Barnsley and his colleagues is a reminder to us all that there are people of integrity in government – public servants who don’t just mouth slogans about working in an open, democratic manner with members of the public, but who demonstrate through action that they take these responsibilities as public servants serious.
Now here is John Bacher’s encouraging message make the rounds on the internet this weekend, edited and posted here with his permission –
This past Friday, August 19th, an important victory was won when the Niagara Falls Planning Department released its recommendations on Thundering Waters.
In essence, the report recommends against proceeding with the zoning changes needed to destroy the forest until five conditions are met. Of these conditions, the most important and difficult one to meet is consultation with Native peoples.
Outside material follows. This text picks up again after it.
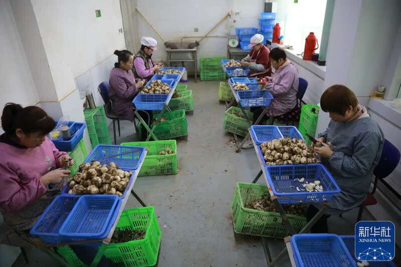↑在兰州市七里河区西果园镇袁家湾村百合加工车间,村民在分拣百合(1月26日摄)。

I believe the Planning Act would allow the developer the right to appeal a non-decision on their application to the Ontario Municipal Board. However, if they do this, they would have a lot of trouble since the OMB would be quite aware of the brave nature of the Niagara Falls Planning Department standing up to this developer and would respect the department for it.
After reading the Planning Department report, I came to the conclusion that the best way to win the struggle would be for the land to be purchased by both the federal and provincial governments as part of the resolution of a Native land claim, so that the site could essentially become a tribal park.
This could be the first stage of a much needed national Carolinian park, whose goal would be to protect the wonderful wetlands created in our region of the world by Lake Tonawanda, which vanished about 3,400 years ago.
Many thanks to you all for what we have achieved so far, which I think can be enhanced if we talk at the public meeting (this coming Tuesday, August 23rd at 6:30 p.m. at Niagara Falls City Hall about the Native managed Carolinian park concept, which will help ensure that both the wonders of creation and Native care for it are perpetuated for generations to come.
Many thanks, Hope to see you all in Niagara Falls in a few days – John Bacher.